> _To do_
Extract the stretch of lines that starts at the line with "A charming and" and ends at the last line of the data below. Give it exactly, without pictures.

> _Records from a dataset_
──────────────────────────────
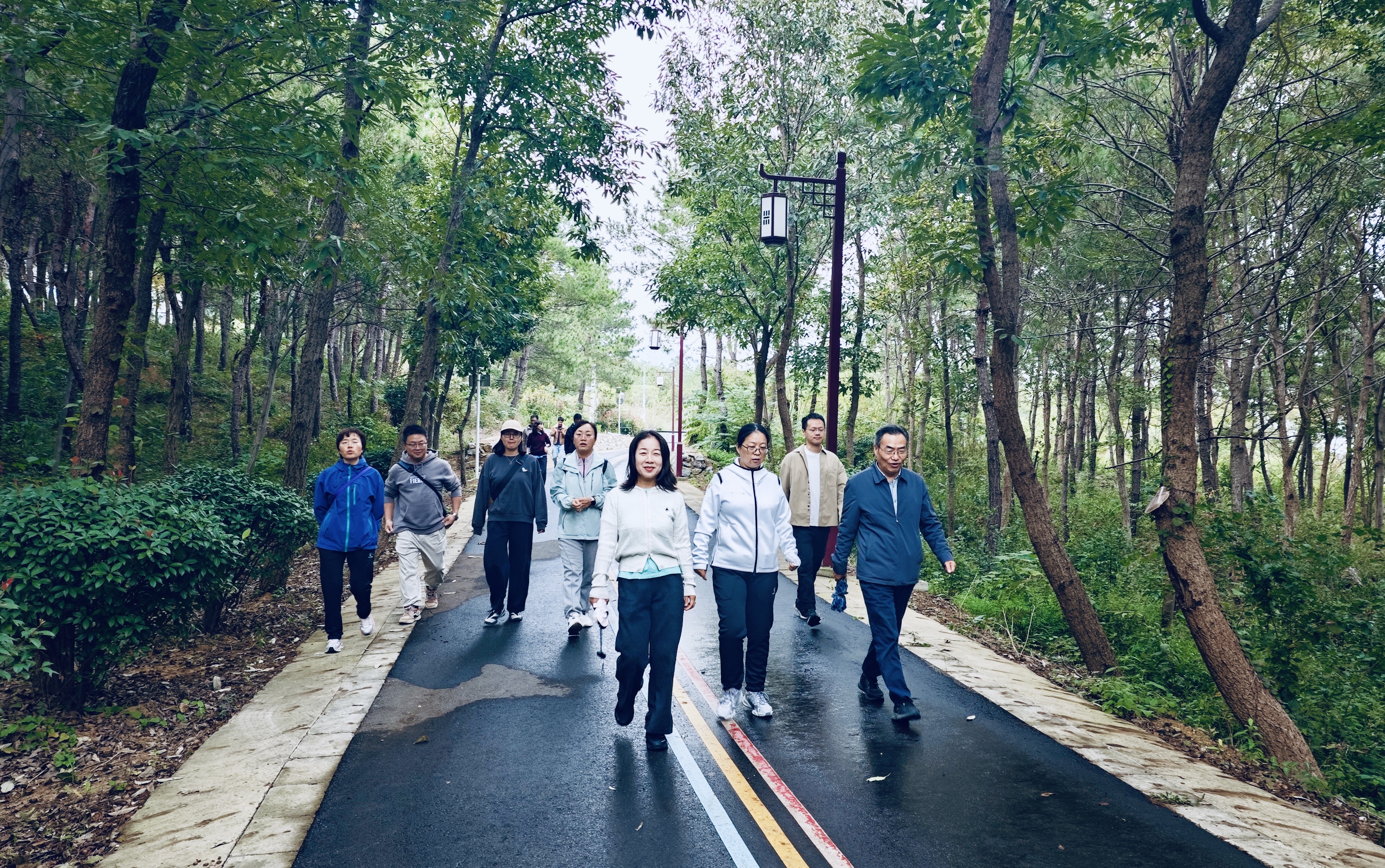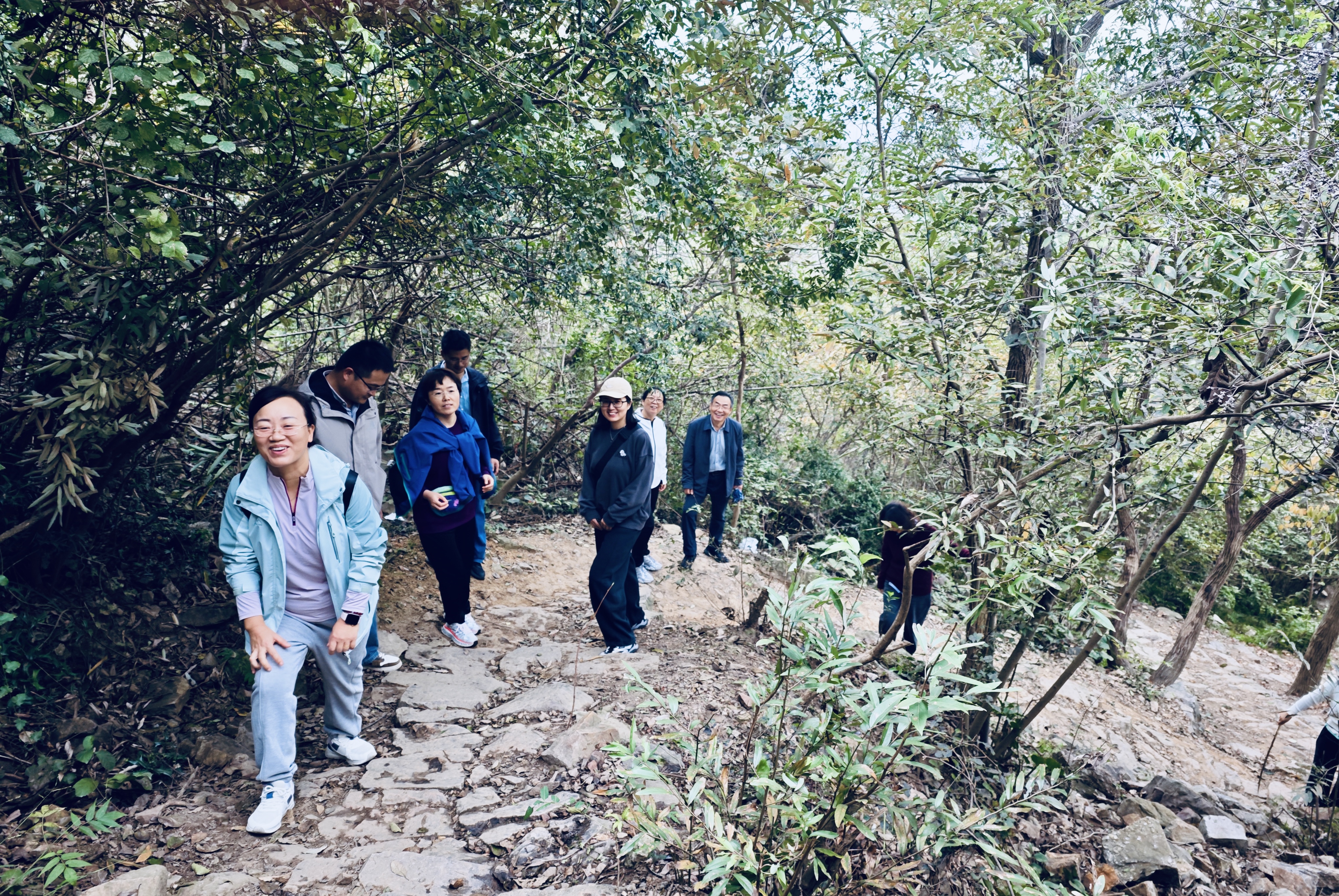 活动中,教职工们沿着蜿蜒的步道稳步前行。秋日的山林层林尽染,大家不时驻足欣赏漫山秋色,时而围坐交流 —— 从教学科研聊到生活趣事,从学院发展谈到个人成长,话题不断延伸,欢声笑语在林间久久回荡轻松愉悦的氛围让彼此的距离悄然拉近,团队的凝聚力在不知不觉中愈发浓厚。
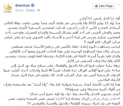 وقالت شريهان في منشور منسوب لها عبر صفحتها الرسمية على موقع التواصل الاجتماعي “فيس بوك”: “منذُ يَوْم 11 يوليو 2015 وأنا وأسرتي نمر بظرف أليم، ومنذُ يومين علمت بوفاة الغالي أستاذي المخرج الكبير رأفت الميهي فدخلت لصفحتي الرسمية لأُعزي نفسي ومصر والوطن العربي في أحد أهم عشاق السينما والإبداع المصري، وفوجئت بأحد المعجبين متكرم يعزيني في ابنة أختي والأستاذ رأفت الميهي ويترحم على غَرقى مركب الوراق، فلم أفهم!”.
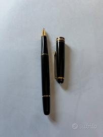 Questo oggetto è una penna stilografica Montblanc Meisterstück, un noto strumento di scrittura di lusso introdotto per la prima volta nel 1924. o Design: Presenta un corpo in resina pregiata nera e finiture dorate. o o Pennino: È dotata di un pennino in oro 14 carati, spesso rifinito a mano. ® o Caratteristiche: Il cappuccio riporta l'iconico emblema a stella bianca del marchio.
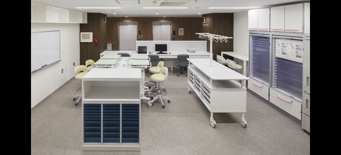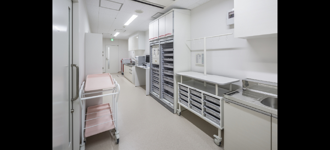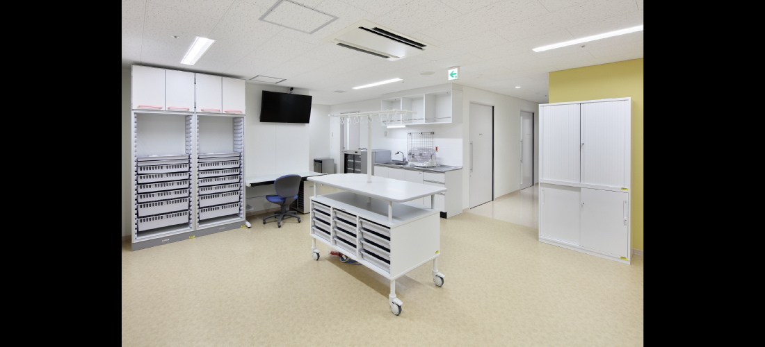 また、床から最下段トレーまでは30cmの空間を設け、不潔エリアに物を置けない設計にしています。
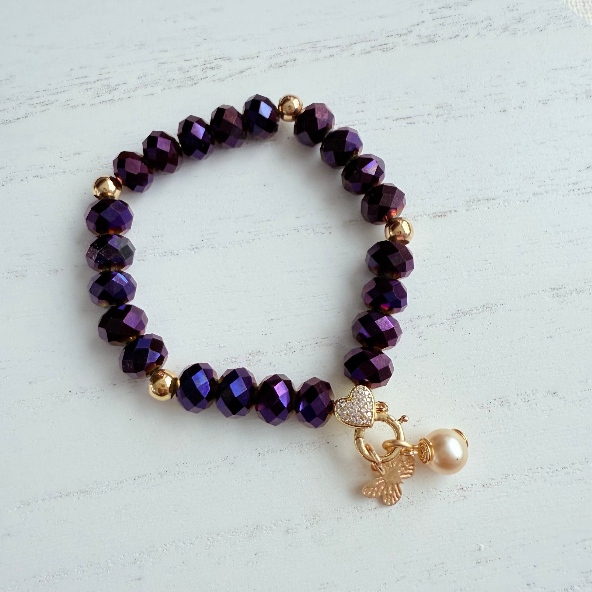 A charming and delicate bracelet crafted with violet Murano crystals and 14K gold-filled accents. At its center, a graceful heart detail holds two dangling charms—a butterfly and a luminous pearl—adding a touch of elegance and whimsy. Perfect for bringing a refined sparkle to everyday wear or special occasions.
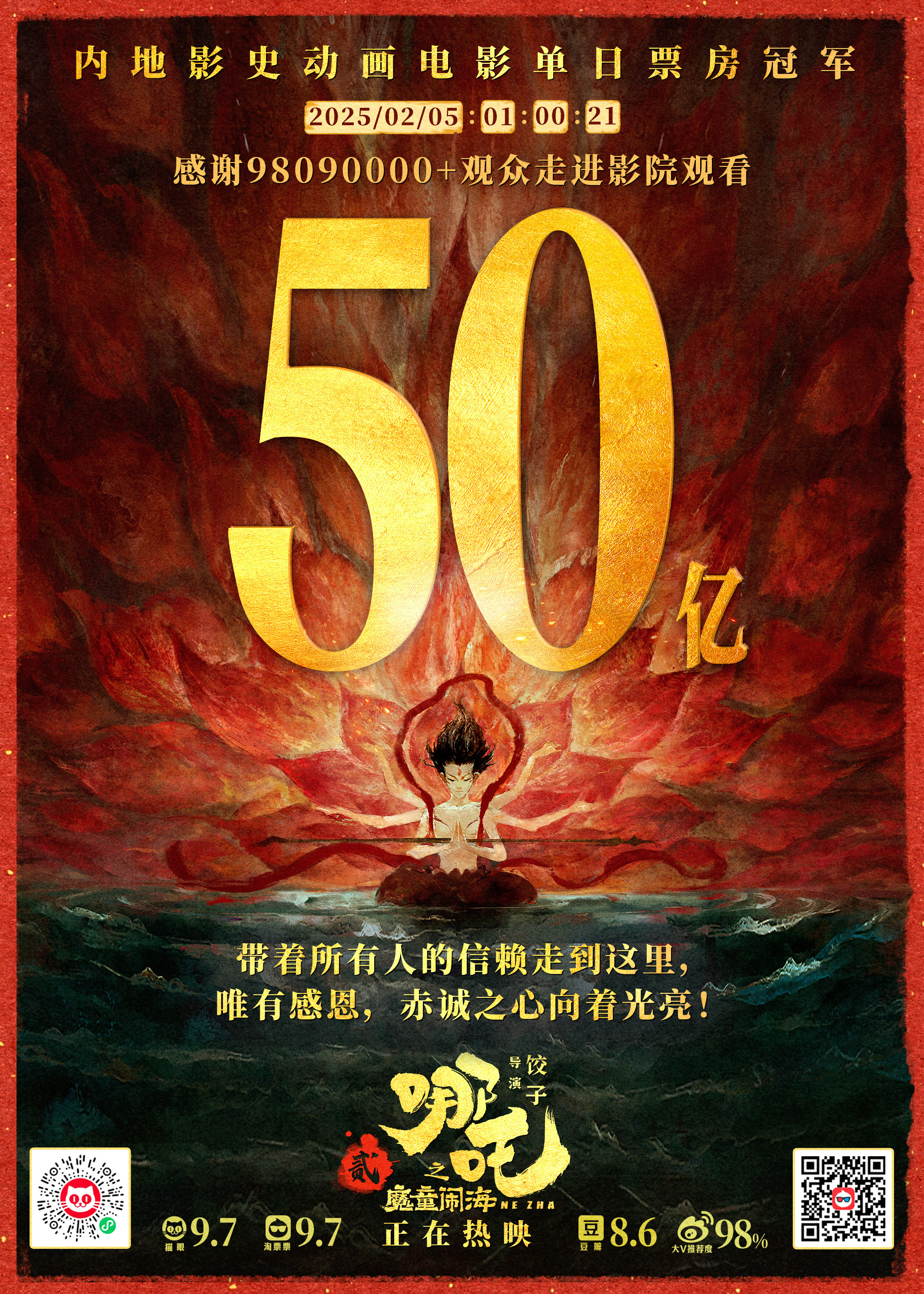 2月5日1时,《哪吒之魔童闹海》票房突破50亿元。目前中国影史动画片票房纪录保持者是《哪吒之魔童降世》的50.35亿元。
──────────────────────────────
> _Written reply_
 A charming and delicate bracelet crafted with violet Murano crystals and 14K gold-filled accents. At its center, a graceful heart detail holds two dangling charms—a butterfly and a luminous pearl—adding a touch of elegance and whimsy. Perfect for bringing a refined sparkle to everyday wear or special occasions.
 2月5日1时,《哪吒之魔童闹海》票房突破50亿元。目前中国影史动画片票房纪录保持者是《哪吒之魔童降世》的50.35亿元。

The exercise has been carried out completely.